SEC. 11. REIMBURSABLE AGREEMENTS.
(a) Preclearance.--
(1) In general.--The Secretary may enter into a
reimbursable fee agreement with a person for preclearance (at
a location outside the United States) of plants, plant
products, and articles for movement into the United States.
(2) Account.--All funds collected under this subsection
shall be credited to an account that may be established by
the Secretary and remain available until expended without
fiscal year limitation.
(b) Overtime.--
(1) In general.--Notwithstanding any other law, the
Secretary may pay an employee of the Department of
Agriculture performing services under this Act relating to
imports into and exports from the United States, for all
overtime, night, or holiday work performed by the employee,
at a rate of pay determined by the Secretary.
(2) Reimbursement of secretary.--The Secretary may require
a person for whom the services are performed to reimburse the
Secretary for any funds paid by the Secretary for the
services.
(3) Account.--All funds collected under this subsection
shall be credited to the account that incurs the costs and
remain available until expended without fiscal year
limitation.
(c) Late Payment Penalty and Interest.--
(1) Penalty.--On failure of a person to reimburse the
Secretary in accordance with this section, the Secretary may
assess a late payment penalty against the person.

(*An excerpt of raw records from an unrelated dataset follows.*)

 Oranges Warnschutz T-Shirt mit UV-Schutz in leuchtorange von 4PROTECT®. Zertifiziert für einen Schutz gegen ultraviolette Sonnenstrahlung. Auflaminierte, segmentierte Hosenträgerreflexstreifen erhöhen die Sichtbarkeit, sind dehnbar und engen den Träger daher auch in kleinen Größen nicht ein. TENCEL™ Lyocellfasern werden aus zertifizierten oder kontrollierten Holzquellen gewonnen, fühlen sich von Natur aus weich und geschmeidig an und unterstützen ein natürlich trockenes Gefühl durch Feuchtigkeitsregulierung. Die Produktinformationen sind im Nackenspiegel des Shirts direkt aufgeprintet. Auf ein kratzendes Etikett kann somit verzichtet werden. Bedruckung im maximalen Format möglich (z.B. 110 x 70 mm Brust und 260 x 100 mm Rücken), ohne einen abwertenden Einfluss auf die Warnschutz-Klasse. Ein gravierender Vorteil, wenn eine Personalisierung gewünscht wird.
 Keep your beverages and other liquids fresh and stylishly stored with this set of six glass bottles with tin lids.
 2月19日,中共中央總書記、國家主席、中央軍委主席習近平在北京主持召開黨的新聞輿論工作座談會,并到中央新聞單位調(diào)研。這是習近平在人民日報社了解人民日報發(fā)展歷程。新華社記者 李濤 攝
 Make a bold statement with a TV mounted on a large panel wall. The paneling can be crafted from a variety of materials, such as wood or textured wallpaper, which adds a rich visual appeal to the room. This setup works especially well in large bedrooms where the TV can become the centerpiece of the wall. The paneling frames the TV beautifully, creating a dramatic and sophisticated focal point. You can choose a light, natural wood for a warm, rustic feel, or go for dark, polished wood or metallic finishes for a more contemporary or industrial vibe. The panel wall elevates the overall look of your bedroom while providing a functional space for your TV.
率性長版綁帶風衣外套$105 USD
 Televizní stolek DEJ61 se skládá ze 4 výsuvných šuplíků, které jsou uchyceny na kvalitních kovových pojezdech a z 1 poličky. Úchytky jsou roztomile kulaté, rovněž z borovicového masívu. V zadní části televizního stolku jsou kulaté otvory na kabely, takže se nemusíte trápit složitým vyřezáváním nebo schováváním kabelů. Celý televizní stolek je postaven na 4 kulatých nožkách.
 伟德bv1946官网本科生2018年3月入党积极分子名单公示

(2) Interest.--Overdue funds due the Secretary under this
section shall accrue interest in accordance with section 3717
of title 31, United States Code.
(3) Account.--A late payment penalty and accrued interest
shall be credited to the account that incurs the costs and
shall remain available until expended without fiscal year
limitation.
SEC. l2. VIOLATIONS; PENALTIES.
(a) Criminal Penalties.--A person who knowingly violates
this Act, or who knowingly forges, counterfeits, or, without
authority from the Secretary, uses, alters, defaces, or
destroys a certificate, permit, or other document provided
under this Act shall be guilty of a misdemeanor, and, on
conviction, shall be fined in accordance with title 18,
United States Code, or imprisoned for not more than 1 year,
or both.
(b) Civil Penalties.--
(1) In general.--A person who violates this Act, or who
forges, counterfeits, or, without authority from the
Secretary, uses, alters, defaces, or destroys a certificate,
permit, or other document provided under this Act may, after
notice and opportunity for a hearing on the record, be
assessed a civil penalty by the Secretary of not more than
$25,000 for each violation.
(2) Final order.--The order of the Secretary assessing a
civil penalty shall be treated as a final order that is
reviewable under chapter 158 of title 28, United States Code.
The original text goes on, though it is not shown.